Dispatches from the Atlantic: Judgment Day

Associate Editor Chris White keeps us updated on his voyage across the Atlantic.


18°25.764N 43°56.472W Boat Speed: 7 knots Wind Speed: 10-15 knots Magnetic Direction: 252° Distance Traveled Thus Far: 1,775.4 nautical miles

On Tuesday morning there was an almost tangible amount of stress aboard Snark. We had experienced what seemed like endless days of high seas and high winds, with the churning ocean tossing us about constantly. A pervasive lack of sleep, combined with our mechanical difficulties, was starting to wear on everyone on board. Our generator was still not working, our batteries weren't charging properly, our water levels were running low, we'd had to tap into one of our two reserve tanks, and without the power needed to run the watermaker, we weren't refilling fast enough. We had made it halfway across the ocean, and now, like an initiation into the gang of the Western Atlantic, the seas were testing our resilience, bending us to see if we would break. Something had to change. Ben, Dugald, and I set to thinking. We decided that the problem with our generator lay in the starter battery. What if we removed the starter battery from the generator, and moved it into the engine battery bank, hooked it up to the generator battery, and tried to jump it? Of course, if this didn't work, and for some reason we shorted the starter battery, we would have no engine. This was a sobering drawback. We lashed the generator battery into place near the starter battery and prepared to hook everything up. We had been able to remove one battery connector from the generator battery (red to red), for the other connection we used several lengths of 20-amp wire spliced together. "Now, Ben," Dugald said, as we got ready to make our connection, "is there a way I can shut off the battery, an isolator switch perhaps, if the wires start smoking and catch fire from the excessive ampage? We certainly don't want anything to explode." Now, I don't know about you, but when I hear terms like "fire," "smoking," and "explode," especially when I'm well over a thousand miles from a landmass, a little red flag pops up. Hmmm…this could either work, or this could go horribly, horribly wrong. Flashes of Mayday calls and evacuation drills began to run through my head. "Chris," Ben said, "Go topside and man the steering, on the off chance that we blow everything out-the autopilot will go off and you'll have to try and keep us on our course."
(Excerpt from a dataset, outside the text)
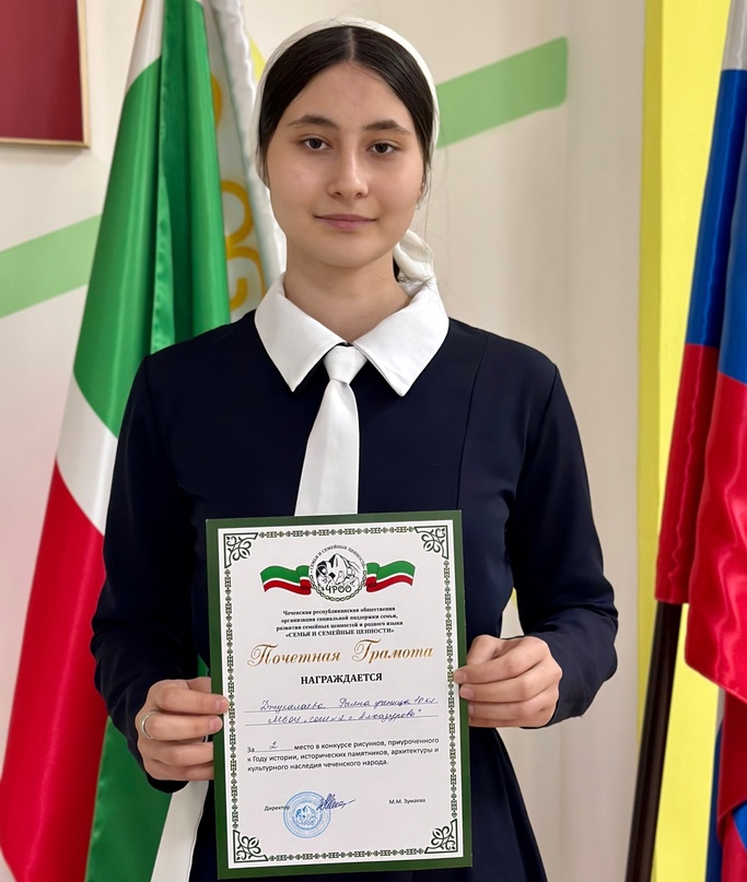 17.05.2024Чеченская республиканская обществення организация социальной поддержки семьи, развития семейных ценностей и родного языка «Семья и семейные ценности» организовала конкурс рисунков, приуроченныйк Году истории, исторических памятников, архитектуры и культурного наследия чеченского народа.Джукалаева Раяна заняла почетное 2 место в данном конкурсе.Дала т1аьхье беркате йойла!1

"You got it," I replied. I went topside, sat behind the helm, and lit a cigarette. These are the times when a religious man prays and an atheist drinks, but it was only 0945 hours, so I settled for a cigarette. "All right," I heard Dugald shout, "fire up the engine." I did. It started. No smoke, no flames, no screams of agony. We were, so far, in the clear. We let the battery charge for a few hours, keeping an eye on it with our voltage meter. At around 1300 hours we unlashed it and carried it back to the generator, hooked it up, and fired up the generator. I heard the soft churning as it rolled over-it was like a choir of angels singing from on high. As the day progressed, our batteries recharged and our watermaker worked its magic. The seas began to lie down a tad, the wind was still strong, but the direction shifted just enough in the right direction for our boat to pick up speed, and we all celebrated with a beer. This morning, we noticed that the generator battery was not holding a charge as well as we would have liked, so we hooked the solar panels directly to the generator battery to keep a charge on it. So far, this is working and seems to have our problem solved-well, least enough for us to make it to St. Lucia where there is a Fischer Panda service center. Lesson learned? The ability to troubleshoot and problem-solve is one of the most valuable traits you can have when you're out on the ocean without a mechanic to call, or someone in the slip next to you to lend a hand. One night as we ate dinner, after Ben had jury-rigged a part of the block on our mainsail that had broken, I told him that he was a real MacGyver. "Wasn't he always blowing things up?" he asked. "Well, yes," I said, "but he did it very cleverly." And, yesterday, we cleverly didn't.